Requirement ->
The task calls for an exact retyping of the lines from the one holding "U nedostatku sanjke, kojo" through the end of the listing, with pictures omitted and nothing added.

********************

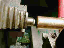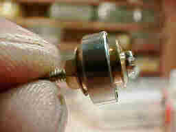 520ベアリングを押さえられる様に、ブッシュの出っ張りを削ります。臍部の出っ張りは0.5ミリ、直径は3.5ミリくらいです。
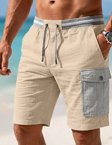 Herre Shorts Lin Shorts Sommershorts Strandshorts Snorer Lomme Elastisk midje Fargeblokk Ensfarget Komfort Pustende Kort Avslappet Daglig Strand Ferie Mote Mørk kaki Svart Uelastisk
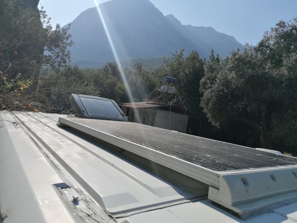 Die Bordbatterie wird über Lichtmaschine und ein 200Wp Solarmodul versorgt..
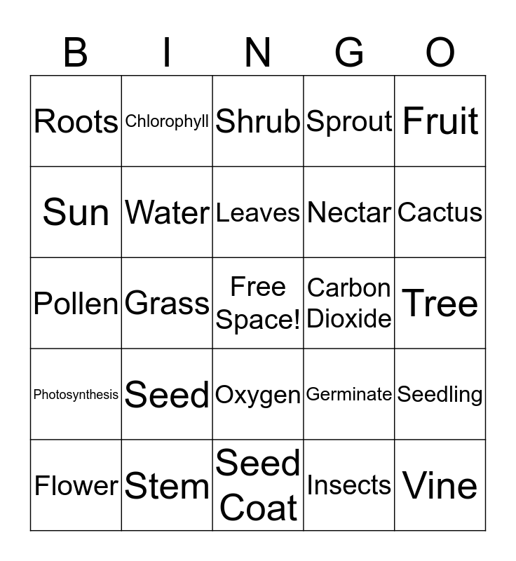 This bingo card has a free space and 24 words: Seed, Stem, Leaves, Flower, Fruit, Roots, Sun, Chlorophyll, Carbon Dioxide, Oxygen, Nectar, Pollen, Germinate, Seedling, Water, Insects, Tree, Shrub, Cactus, Grass, Vine, Photosynthesis, Sprout and Seed Coat.
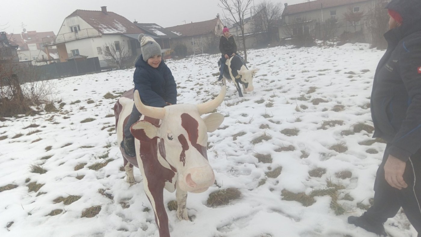 U nedostatku sanjke, kojo su ove zime bile vrlo tražena roba, ili zbog nečega drugog - uobičajeno zimsko pomagalo odlučila je zamijeniti - kravicama!?
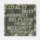 A magnet with a camo background and then the words "Loyalty, Duty, Respect, Selfless, Honor, Integrity, Courage and go Army". The values every soldier lives by. Makes a great gift for any soldier or a soldier's family.

********************

Written answer ->
 U nedostatku sanjke, kojo su ove zime bile vrlo tražena roba, ili zbog nečega drugog - uobičajeno zimsko pomagalo odlučila je zamijeniti - kravicama!?
 A magnet with a camo background and then the words "Loyalty, Duty, Respect, Selfless, Honor, Integrity, Courage and go Army". The values every soldier lives by. Makes a great gift for any soldier or a soldier's family.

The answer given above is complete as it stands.